Google recently announced they are researching the use of estimations of trustworthiness of websites to help prioritize results returned from search requests. This excites people who hope that pseudoscience and crazy conspiracy theories will get less attention, but it upsets people who are worried that the results will be biased:
“I worry about this issue greatly,” said Anthony Watts, founder of climate denying website “Watts Up With That,” in an interview with FoxNews.com. “My site gets a significant portion of its daily traffic from Google… It is a very slippery and dangerous slope because there’s no arguing with a machine.”
That’s from a Salon article by Joanna Rothkopf, who seems to think that keeping people away form Watt’s site is a great idea:
[…] some anti-science advocates are upset about the potential development, likely because their websites will become buried under content that is, well, true.
That not really fair. Most of the people who are concerned about Google’s research aren’t afraid they will lose out to the truth. They think they have the truth, and what worries them is that they will lose out to ignorance, confusion, and bias.

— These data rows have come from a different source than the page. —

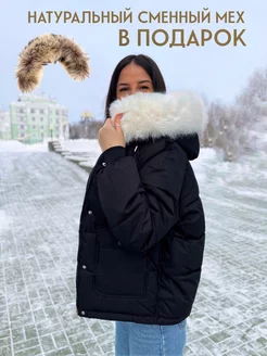 Куртка с белым мехом, Пуховик короткий оверсайз
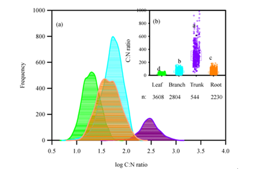 碳(C)和氮(N)是植物生长发育最基础的两个元素,二者相互耦合使得C:N成为探讨植物元素分配与适应策略的重要指标。比如,高C:N植物具有高氮素利用效率;而低C:N凋落物具有分解快的特质。因此,C:N成为许多生态过程模型的一个重要的输入参数。然而,前期研究主要着眼于叶片C:N或单独某一器官,而在区域或全球尺度关于植物叶-枝-干-根C:N变化规律、演化机制及其生态学意义还未见报道,很大程度阻碍了人们关于植物对环境变化的响应与适应机理的认识。
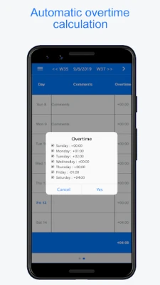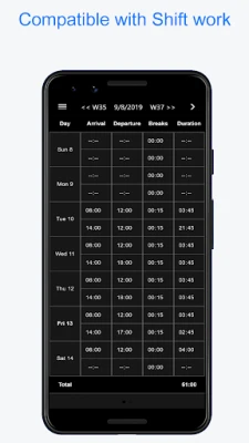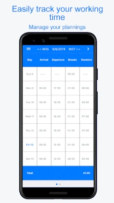 👍 Only one screen (like a calendar) to easily clock in/out each day and week working hours (arrival time, departure, breaks, comments and notes, hourly rate...). Create and use predefined hour templates (morning week, evening week…)
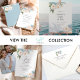 Elegante convite de casamento botânico temido com decoração de flores azul e rosa e folhagem verde elegante nas esquinas. Os detalhes do casamento e o nome da noiva e noiva são apresentados elegantemente numa fonte de serifa. Cartão inverso em azul pastel com flores.

Or they worry that the system is rigged to allow their ideological opponents to keep lying:
But others who follow media bias note that even the media watchdogs – let alone the sites used by the Google researchers like Wikipedia – are often biased.
“They’re very good at debunking myths if they upset liberals, but if it’s a liberal or left-wing falsehood, the fact-checkers don’t seem as excited about debunking it,” Rich Noyes, research director at the Media Research Center, told FoxNews.com.

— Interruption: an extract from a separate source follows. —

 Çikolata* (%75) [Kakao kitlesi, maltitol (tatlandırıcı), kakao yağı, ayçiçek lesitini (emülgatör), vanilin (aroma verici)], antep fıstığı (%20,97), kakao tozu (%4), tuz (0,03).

I think this concern originates from a misunderstanding of what Knowledge Vault really is and how it works.
“Google should be commended for taking on the great task of fighting against propaganda and misinformation,” Nomiki Konst, executive director of The Accountability Project, told FoxNews.com.
“Hopefully Google will work closely with the FCC and journalism watchdogs in setting up standards to validate what is factual and who represents themselves as journalists,” Konst said.
Actually, Google will do nothing of the sort, because Konst’s statement is based on imagined capabilities that Knowledge Vault just doesn’t have. This is what you get when you interview people about something that they haven’t had time to learn about.
Meanwhile, Jack Marshall at Ethics Alarms is also concerned about where this could lead:
Can you see Google reducing the rank of websites that are consistently deceitful and misleading, like those claiming the women make only 77% as much as men because of gender bias, or that one in four women who go to college are raped, or that Mike Brown had his hands up […]? I can’t.
I think probably not, but because of technical limitations, not ideological bias.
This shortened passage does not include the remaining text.